La tristeza es otra de las emociones básicas «mal vistas» y menospreciadas por la mayor parte de la sociedad en que vivimos. Muchas de las creencias y juicios sobre lo que sentimos perturban el reconocimiento de las emociones y nos alejan de una buena gestión de las mismas.
A la tristeza se le asocian conceptos como debilidad, depresión, poca valía, etc. Por esta razón podemos constatar que se suele recriminar y vetar muchas veces el permiso de sentirla y expresarla. Sin embargo, como el resto de emociones, alberga información valiosa. En este caso, la tristeza cumple la función de conectarnos y mirar en nosotros mismos para revaluar los acontecimientos y las situaciones, lo que evitamos, lo que nos duele en este presente, y revisar los significados que le damos a las personas, a las cosas, a las vivencias y percepciones.
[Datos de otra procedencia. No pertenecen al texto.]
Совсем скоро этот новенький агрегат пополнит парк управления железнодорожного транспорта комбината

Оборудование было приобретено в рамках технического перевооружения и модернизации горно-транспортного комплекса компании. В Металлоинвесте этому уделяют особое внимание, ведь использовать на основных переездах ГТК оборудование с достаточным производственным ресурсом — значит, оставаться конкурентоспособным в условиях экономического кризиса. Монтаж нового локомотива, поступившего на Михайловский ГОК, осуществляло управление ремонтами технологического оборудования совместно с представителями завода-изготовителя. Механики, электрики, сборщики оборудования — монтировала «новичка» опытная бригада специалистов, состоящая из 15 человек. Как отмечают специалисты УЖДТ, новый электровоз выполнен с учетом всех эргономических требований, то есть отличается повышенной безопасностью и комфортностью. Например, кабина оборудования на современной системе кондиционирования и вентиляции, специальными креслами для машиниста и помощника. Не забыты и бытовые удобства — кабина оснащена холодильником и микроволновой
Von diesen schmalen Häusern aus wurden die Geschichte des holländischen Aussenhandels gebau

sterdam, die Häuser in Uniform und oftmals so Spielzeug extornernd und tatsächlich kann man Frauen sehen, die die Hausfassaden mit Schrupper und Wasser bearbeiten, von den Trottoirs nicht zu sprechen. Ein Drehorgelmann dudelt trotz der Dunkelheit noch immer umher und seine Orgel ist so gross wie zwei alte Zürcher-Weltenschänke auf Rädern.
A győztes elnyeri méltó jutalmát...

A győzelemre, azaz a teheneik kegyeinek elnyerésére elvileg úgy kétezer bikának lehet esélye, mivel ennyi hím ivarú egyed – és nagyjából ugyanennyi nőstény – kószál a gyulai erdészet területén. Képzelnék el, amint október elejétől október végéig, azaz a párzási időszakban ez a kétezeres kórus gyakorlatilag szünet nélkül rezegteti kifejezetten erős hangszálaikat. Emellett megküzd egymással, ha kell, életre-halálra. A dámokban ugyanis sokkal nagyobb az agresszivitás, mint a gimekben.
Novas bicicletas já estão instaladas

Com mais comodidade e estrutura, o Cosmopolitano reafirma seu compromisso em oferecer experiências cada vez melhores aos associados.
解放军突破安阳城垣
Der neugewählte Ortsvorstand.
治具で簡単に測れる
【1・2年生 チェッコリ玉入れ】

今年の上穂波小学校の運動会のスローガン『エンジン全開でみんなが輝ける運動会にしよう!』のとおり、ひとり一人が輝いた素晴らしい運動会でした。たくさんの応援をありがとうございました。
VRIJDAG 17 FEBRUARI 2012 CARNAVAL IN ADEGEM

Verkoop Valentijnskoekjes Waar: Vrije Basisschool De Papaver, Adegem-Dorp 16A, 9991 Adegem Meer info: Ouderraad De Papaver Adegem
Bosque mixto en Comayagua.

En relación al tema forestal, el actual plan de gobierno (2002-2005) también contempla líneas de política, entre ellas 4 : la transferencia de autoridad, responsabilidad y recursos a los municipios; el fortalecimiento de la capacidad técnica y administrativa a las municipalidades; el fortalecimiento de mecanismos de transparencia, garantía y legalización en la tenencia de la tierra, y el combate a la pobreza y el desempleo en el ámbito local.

De alguna manera es como si nos dijera: » Detente, aminora el ritmo y obsérvate». Y claro, esta actitud y necesidad contrasta justamente con las exigencias de paradigma capitalista de velocidad, productividad y rendimiento, generando muchas veces una confusión en las personas por necesidades contrapuestas: las personales y las que la sociedad te impone. Además, la tristeza nos conduce a un lugar que no nos suele gustar (ganas de llorar, cansancio, desmotivación, falta de concentración) pero que es necesario habitar para no interrumpir los ciclos de la vida.
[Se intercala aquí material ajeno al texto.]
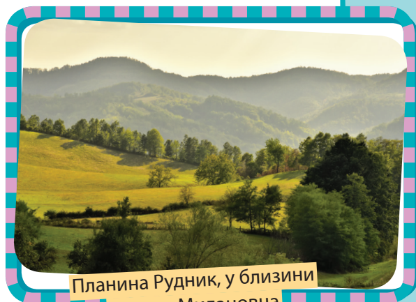
Планина Рудник, у близини Горњег Милановца
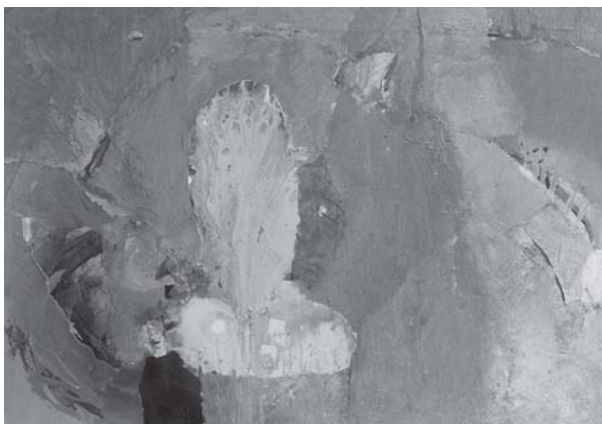
Gambar. 3. Lingga di Pusaran Bumi , 2009, akrilik pada kanvas, 160 x 200 cm.
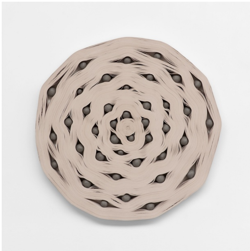
Michel François, Enroulement, 2016
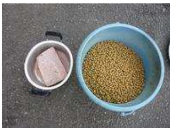
写真：右 オキアミ 左 フラミンゴ専用フード
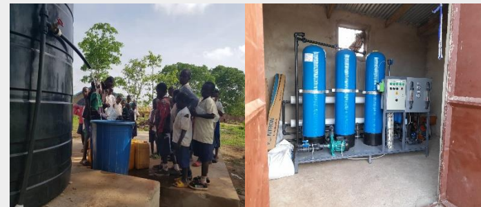
탄자니아 음가마 마을 정수필터 (RO filter)설치: 900만원
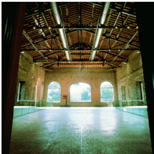
Scuderie Aldobrandini a Frascati spazio espositivo

La Biblioteca comunale di Frascati ha istituito da anni, presso la sua sede, l'ARCHIVIO SCRITTORICASTEELLI ROMANI, che raccoglie le opere degli Autori nati o residenti in uno dei comuni dei Castelli Romani. Si tratta di un importante fondo che ha il valore di un censimento, in costante aggiornamento, di quanto viene prodotto nei diversi ambiti letterari: narrativa, poesia, storia, archeologia e saggistica su tutto il territorio dei Castelli Romani
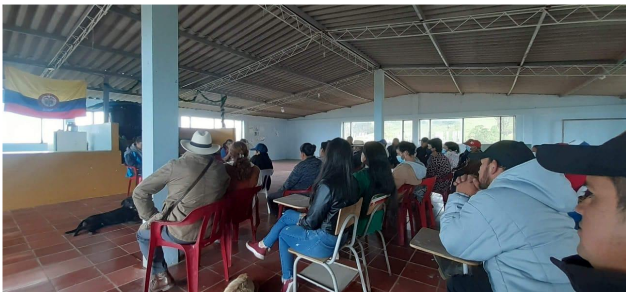
Ilustración 25, Asamblea comunal, 2022
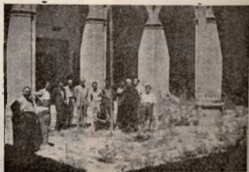
Visita al Instituto Laboral de Trujillo.

La excursión resultó altamente interesante y fructífera, habiendo redactado una Memoria de la misma, todos los alumnos.
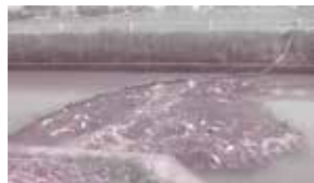
フェンスで止められた散在ごみ

Como indica Paco Peñarrubia(*), la tristeza es una “emoción de tierra” y hay que volver a la sabiduría del agricultor para traspasarla, pues“el agricultor hace un ejercicio de pararse y quedarse quieto”, refiriéndose a la observación y al respeto por los ciclos de la naturaleza.
Es por ello que requiere cierto coraje permitirnos hacer este ejercicio de introspección, pues la tristeza nos da energía para reflexionar, para reconfigurar nuestros mapas del mundo y las relaciones (con personas, situaciones, etc.) para expresar el dolor por algo que no puede ser o se perdió, y soltar lo que nos imposibilita el cambio.